EL Sector INDUSTRIAL

¿Cómo puede ayudar la Inteligencia Artificial al crecimiento del Sector Industrial?

La Inteligencia Artificial ha llegado para revolucionar los patrones de funcionamiento de la industria, ofreciendo una nueva visión sobre la relación entre el hombre y la máquina. Este progreso en la industria, conocido también bajo el concepto de la Industria 4.0, está basado en las empresas inteligentes en las que trabajadores y sistemas tecnológicos interactúan consiguiendo aumentar la competitividad empresarial. 

Podríamos decir que la Inteligencia Artificial intensifica la inteligencia empresarial, hecho que supone una evolución positiva e importante para la economía global.
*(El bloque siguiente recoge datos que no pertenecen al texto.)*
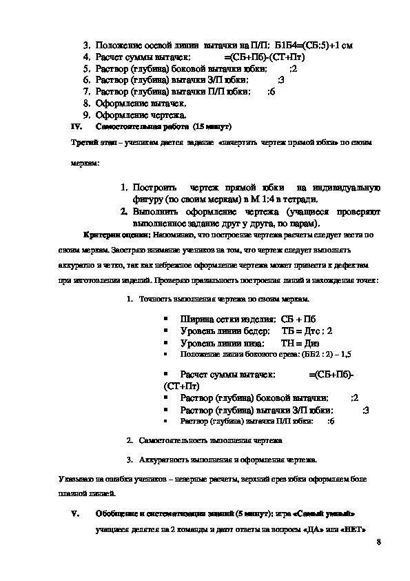 Третий этап – ученикам дается задание «начертить чертеж прямой юбки» по своим
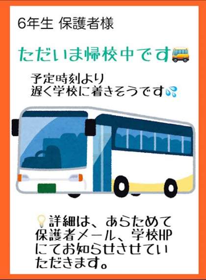 現在帰校中ですが、予定より時間がかかりそうです。
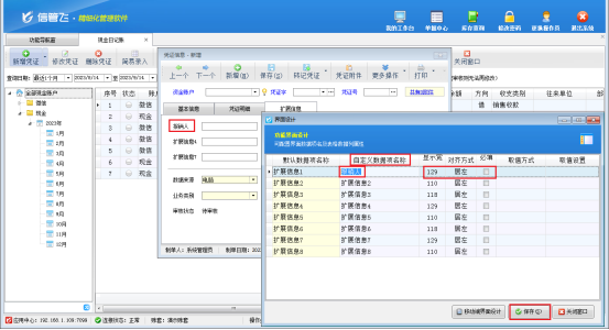 進銷存軟件日記賬憑證界面如何顯示擴展信息?
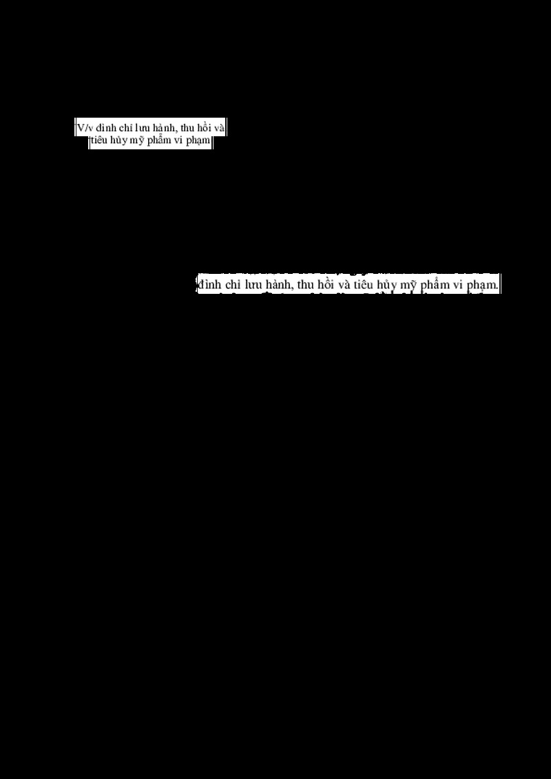 | Tiêu đề văn bản | CÔNG VĂN Về việc đình chỉ lưu hành, thu hồi và tiêu hủy mỹ phẩm vi phạm | ||

No es de extrañar que según varios estudios recientemente realizados, un gran porcentaje de las empresas españolas esté explorando ya el uso de la Inteligencia Artificial.

Actualmente, disciplinas científicas de la IA como el Machine Learning [aprendizaje automático], especialidad de empresas de base científica y tecnológica como Neuraptic, obtienen resultados muy positivos en el ROI de las empresas, especialmente en las empresas del sector industrial. El Machine Learning es capaz de aportar beneficios tan importantes para la industria como aumentar y optimizar la producción, flexibilizar los procesos productivos, elevar la calidad de los productos y ahorrar costes y tiempos de fabricación, entre otros; a través de la introducción de sistemas como la Inspección Visual Automática, el Procesamiento del Lenguaje Natural, el Mantenimiento Predictivo, la Predicción de Series Temporales y el Data Mining.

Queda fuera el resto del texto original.